Better Support For Versioned Types In .NET SDK

HealthVault is constantly evolving its data types to support partner needs. In some cases this requires versioning a data type so that two (or more) versions of the same data type live side-by-side. See http://blogs.msdn.com/b/healthvaultdatatypes/archive/2008/04/14/data-types-and-versioning.aspx for more information on how HealthVault continues to make all data of a given type available to applications regardless of the version the application is using.

After receiving feedback on our data type versioning design, some changes were made to the .NET API to better support the expected behaviors of queries against HealthVault and to better support live updates of applications in a server farm.

Better support for expected behaviors of queries

The HealthVault type versioning design uses the applications configured authorizations to determine which schema version of a type to return to an application if the TypeVersionFormat wasn't specified. Although this is a robust design, most application developers expected that the version of the schema being returned would match the type identifiers put in the filters of the query. This release of the .NET API addresses this issue by putting the filter type identifiers into the TypeVersionFormat collection automatically.

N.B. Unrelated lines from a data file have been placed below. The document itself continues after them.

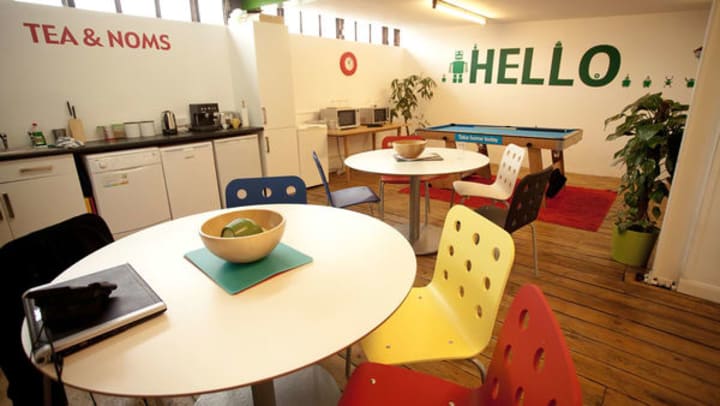Based Guildford, UK, the office looks like what I imagine every small start up office might look like. Cool looking chairs, a place to play and unwind, and a lot of creative inspiration plastered all over the walls.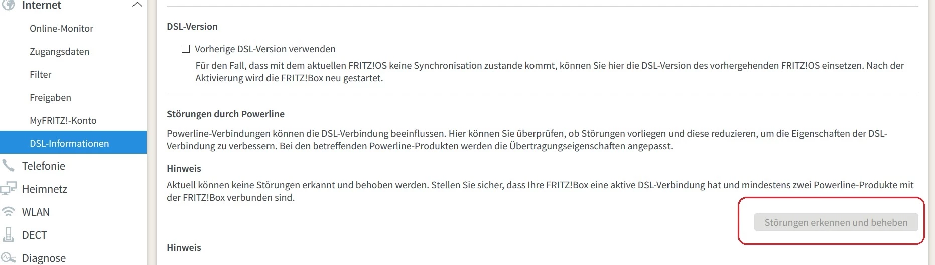Hallo ich befürchte ja. Mache bitte einen letzten Test wegen den DLAN Adapter unter DSL-Informationen/Störsicherheit.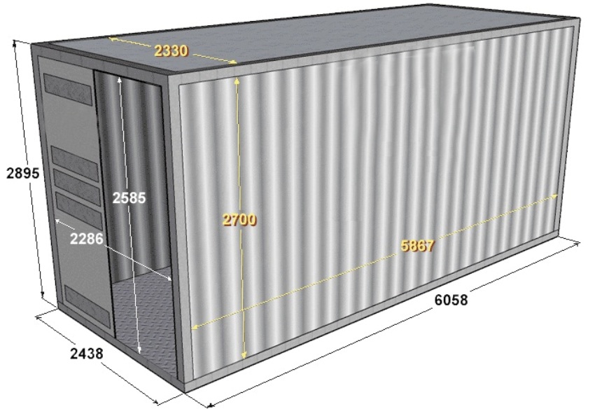 The internal dimensions of the 20 t container are 2.33x5.86x2.19 m. Having similar dimensions, the structure has a useful volume of 29.5 m³. Excluding the space allocated for the installation of cladding and insulation, this will be the approximate size of the interior space of the room.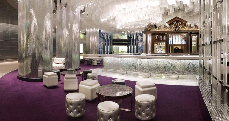 Named after the famous Vesper cocktail created by James Bond in the novel Casino Royale, Vesper Bar is situated within The Cosmopolitan of Las Vegas hotel and casino, adjacent to the lobby. Decorated with chandeliers, mirrored tiles and centred around a wooden liquor cabinet, the bar features modern décor and a vivacious ‘70s vibe. A rotating menu of signature Vesper cocktails adds a clever and delicious twist to long-forgotten recipes, alongside James Bond-worthy classics.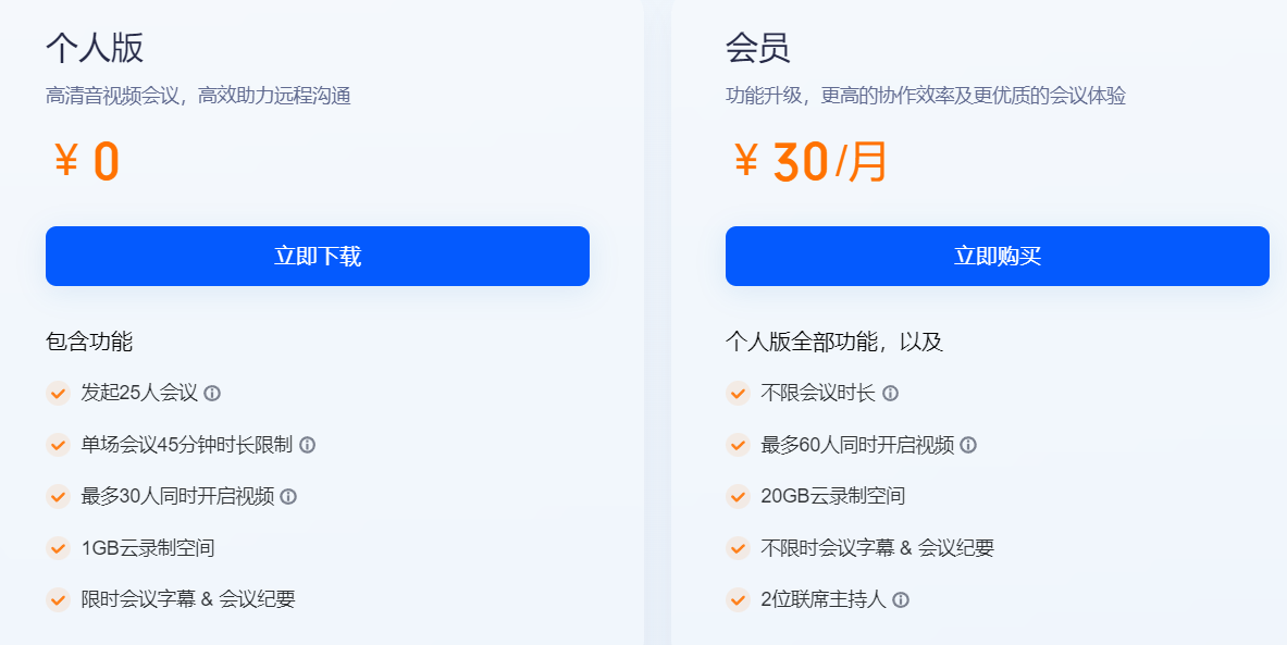 ②会员版,每个月30元。不限制会议时长,60人同时开启视频,有20GB的云录制空间,不限时会议字母和会议纪要、2位联席主持人。
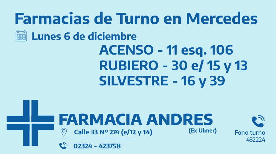 Desde las 8:30 del día de hoy hasta la misma hora de mañana, las farmacias de turno en Mercedes son: Acenso, Rubiero y Silvestre.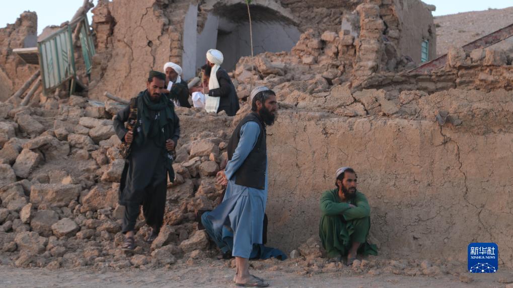 10月7日,人们在阿富汗赫拉特省坍塌的房屋旁等待。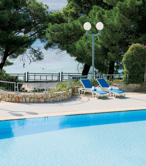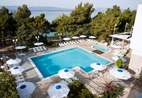 Отель находится в окружении соснового леса, в 50 м от прекрасного галечного пляжа и кристально чистого моря, в 10 минутах ходьбы от центра г. Бол и известного пляжа Златни Рат.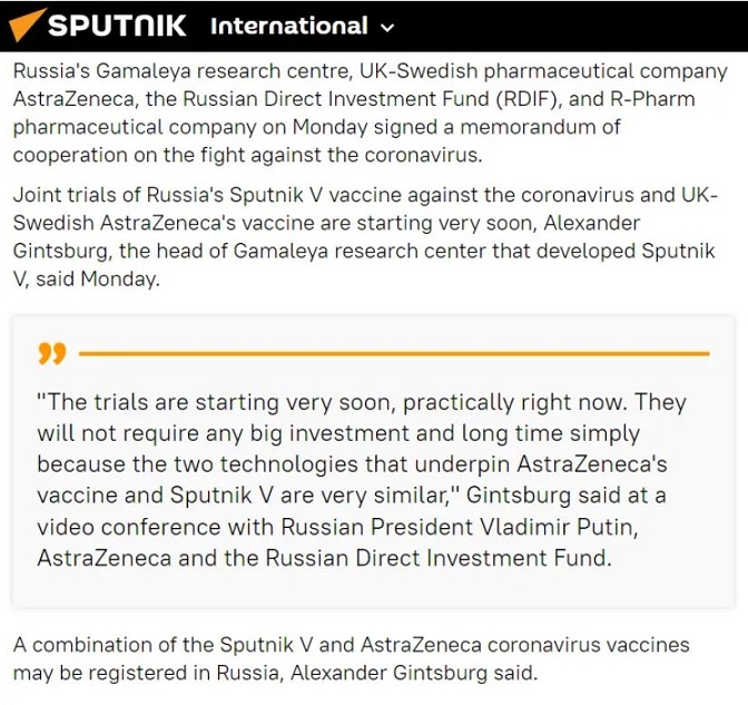 Из вијести Спутњика по потписивању меморандума о сарадњи Центра Гамалеја и Астра Зенеке децембра 2020: „Испитивања почињу веома брзо, практично одмах. Неће захтијевати велика улагања ни дуго времена просто зато што су технологије у основи Астра Зенеке и Спутњика V веома сличне“, изјавио је Гинцбург на видео конференцији с руским предсједником Владимиром Путином, Астра Зенеком и Руским фондом за директна улагања

Support live updates of applications in a server farm

Let's say you have a HealthVault application using the Encounter type and you have multiple servers running your web application. Now let's say that the HealthVault team decides to version the Encounter type to support more scenarios which results in EncounterV1 and Encounter types being available. You want to upgrade your application to the new Encounter type (V2) but don't want to have any application down time.  You download the new SDK and update your code to the new version of the type. The current type versioning design requires that you change your application authorizations to the new version of the Encounter for this to work, so in the PPE environment you do just that and test your code thoroughly.  Now the big day comes to take this new version live.  To do this you take a server out of rotation on the load balancer, upgrade it to the new version of your application and the HealthVault SDK.  If you put it back into rotation then any requests to this server will be broken because the application will be receiving EncounterV1 instances until your application authorization configuration is updated in the PROD HealthVault environment.  However, you can't update your configuration until the other servers get the new version of your application or they will be broken.

To support this scenario, the HealthVault .NET SDK now supports a new configuration value called "SupportedTypeVersions".  This key goes in your web.config file and contains a comma separated list of the class names for the types that server supports. This list gets automatically parsed and converted into the type identifiers for the types supported by your application and gets automatically populated into the TypeVersionFormat list when queries are made to HealthVault. You can now add the new version of the type to the "SupportedTypeVersions" configuration value when upgrading your servers prior to your application authorizations changing and they will get the correct version of the type instances back. Once all your servers are updated you can either remove the configuration or keep it there for added level of comfort. At this point you should also change your application authorizations to specify the new version of the type.

For those applications that are experience performance issues or need to leverage the legacy behavior, the "UseLegacyTypeVersionSupport" configuration value can be set to "true". Also note this is the default behavior for this release as well.

Device Directory Editing in Application Configuration Center

Partners can now enter device information in a friendly way through Application configuration center.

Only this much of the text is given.